▶ [Work required]:
Output the whole listing below exactly, omitting the images.

▶ [Dataset excerpt]:
....
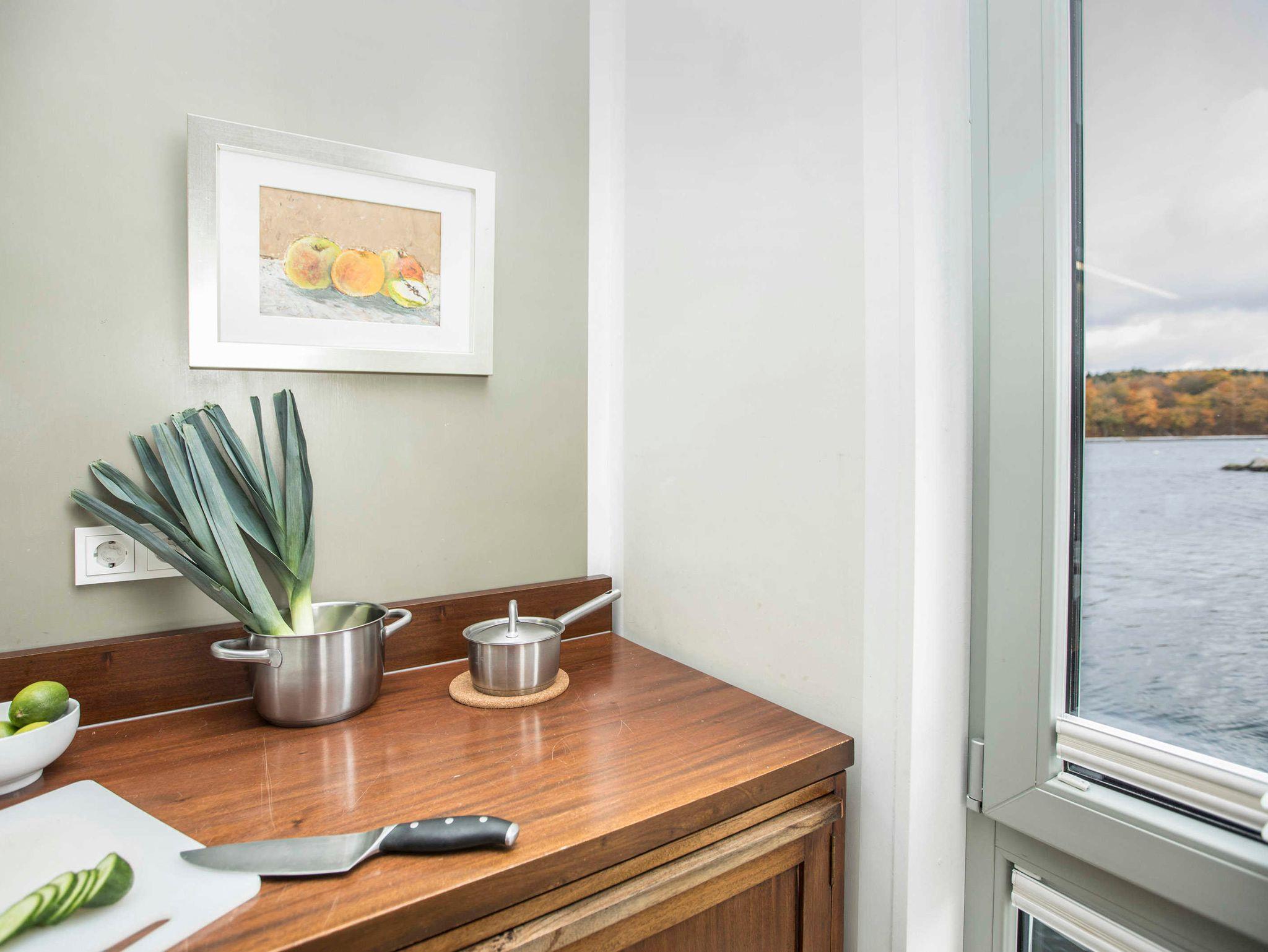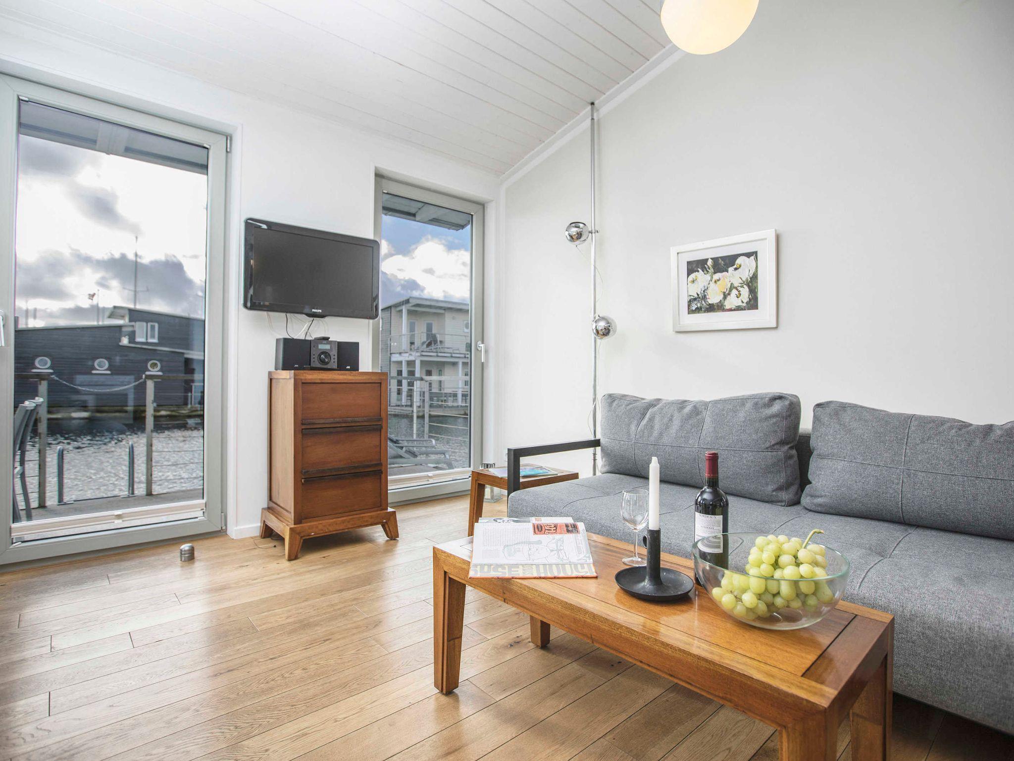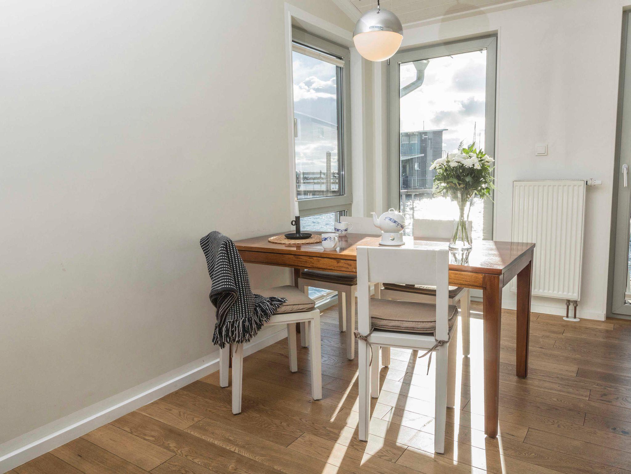 Entspannen Sie in einem schwimmenden Ferienhaus mit Terrasse, moderner Küche und vielfältigen Freizeitangeboten in Lauterbach bei Putbus.
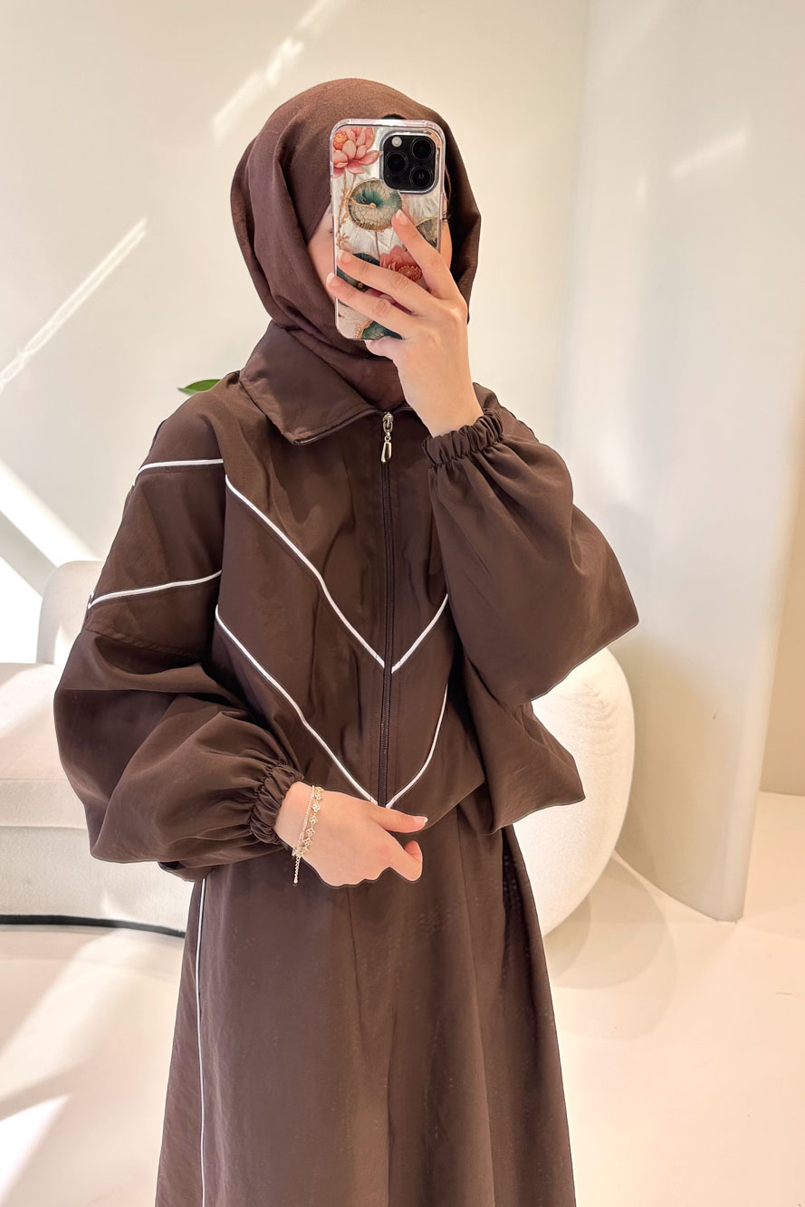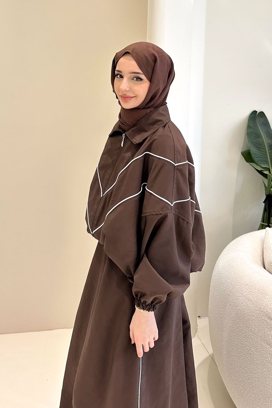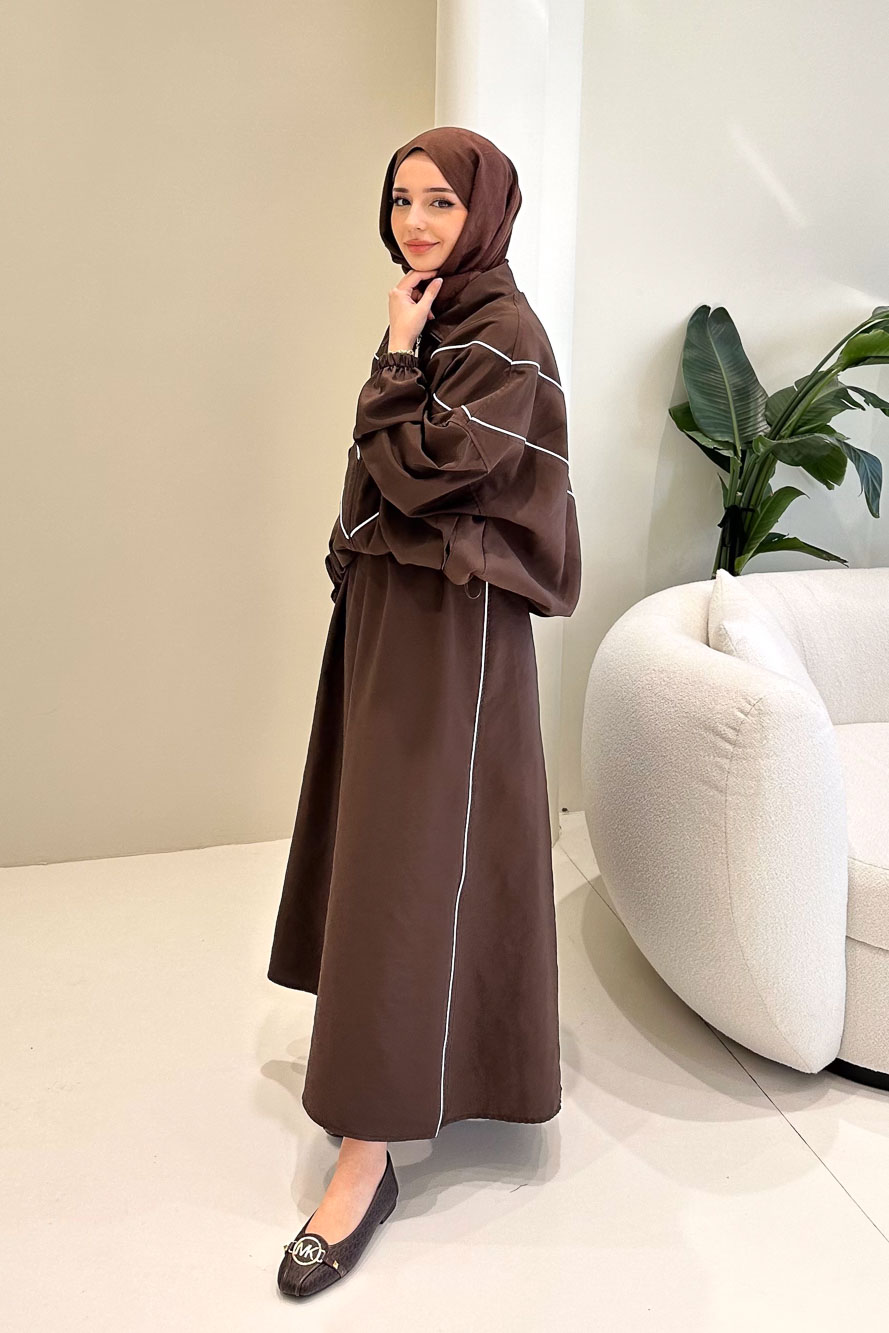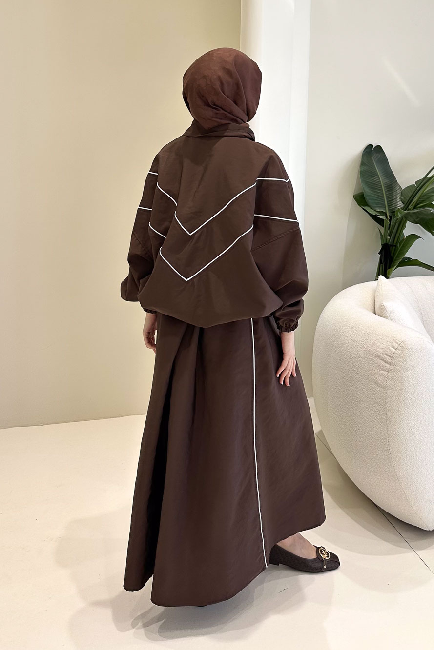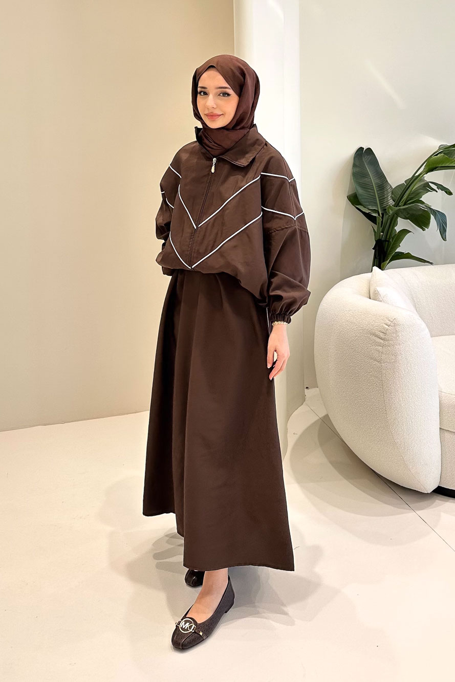 Üst kısmı ceplidir ve bel kısmı stoperlidir. Kolları lastikli yapıdadır. Eteği beli lastikli ve pile detaylıdır. Manken üzerinde S/M bedendir.
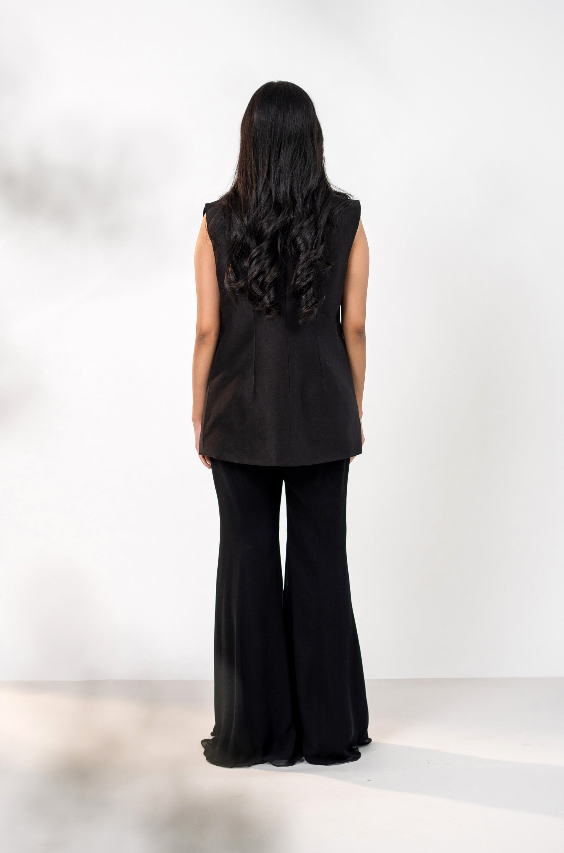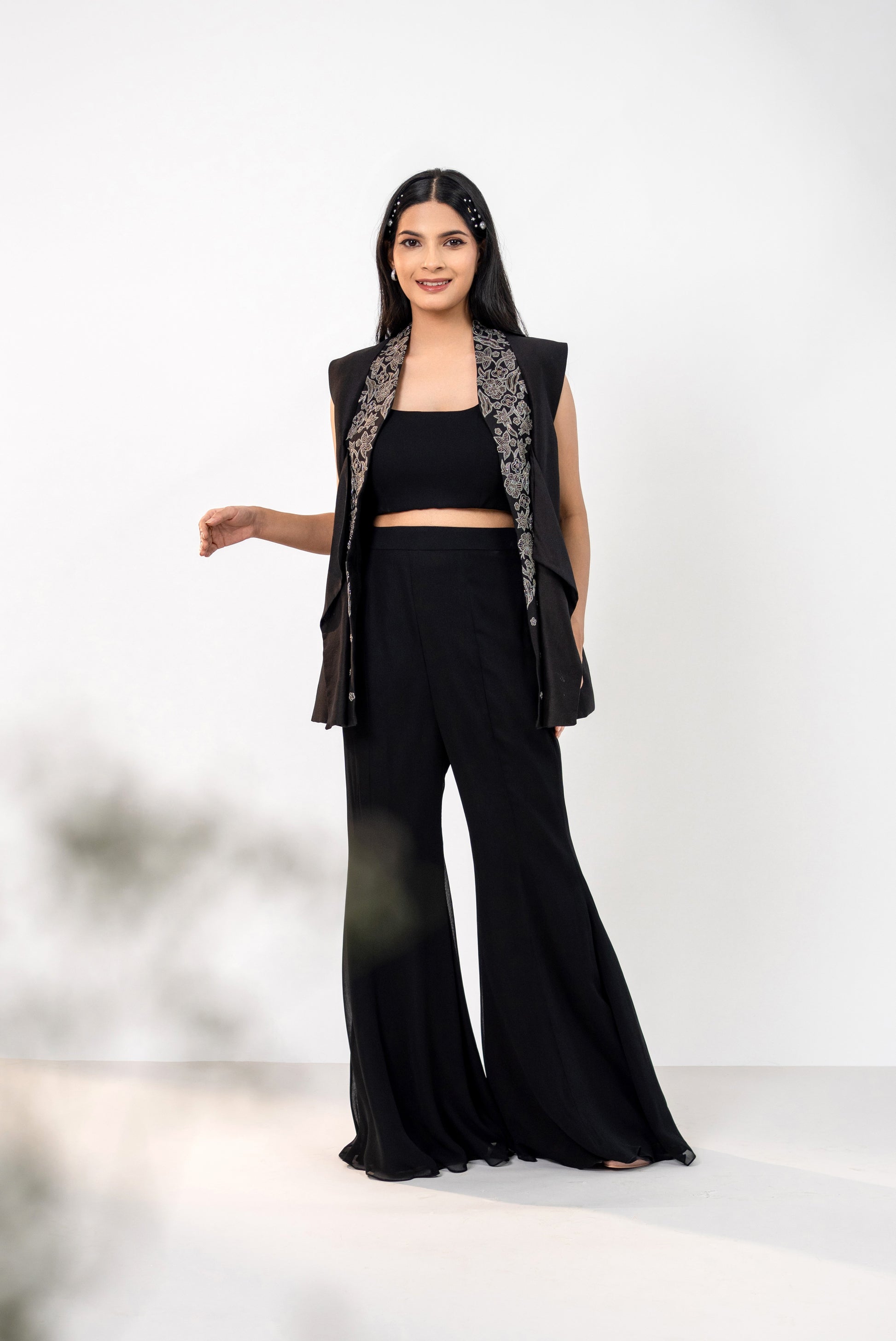 Sleeveless embellished blazer paired with a crop top and kali bell bottoms, all in black. The black blazer features grey pearl and thread work on a shawl collar, along with stylized flaps.
....
▶ [Answer area]:
 Entspannen Sie in einem schwimmenden Ferienhaus mit Terrasse, moderner Küche und vielfältigen Freizeitangeboten in Lauterbach bei Putbus.
 Üst kısmı ceplidir ve bel kısmı stoperlidir. Kolları lastikli yapıdadır. Eteği beli lastikli ve pile detaylıdır. Manken üzerinde S/M bedendir.
 Sleeveless embellished blazer paired with a crop top and kali bell bottoms, all in black. The black blazer features grey pearl and thread work on a shawl collar, along with stylized flaps.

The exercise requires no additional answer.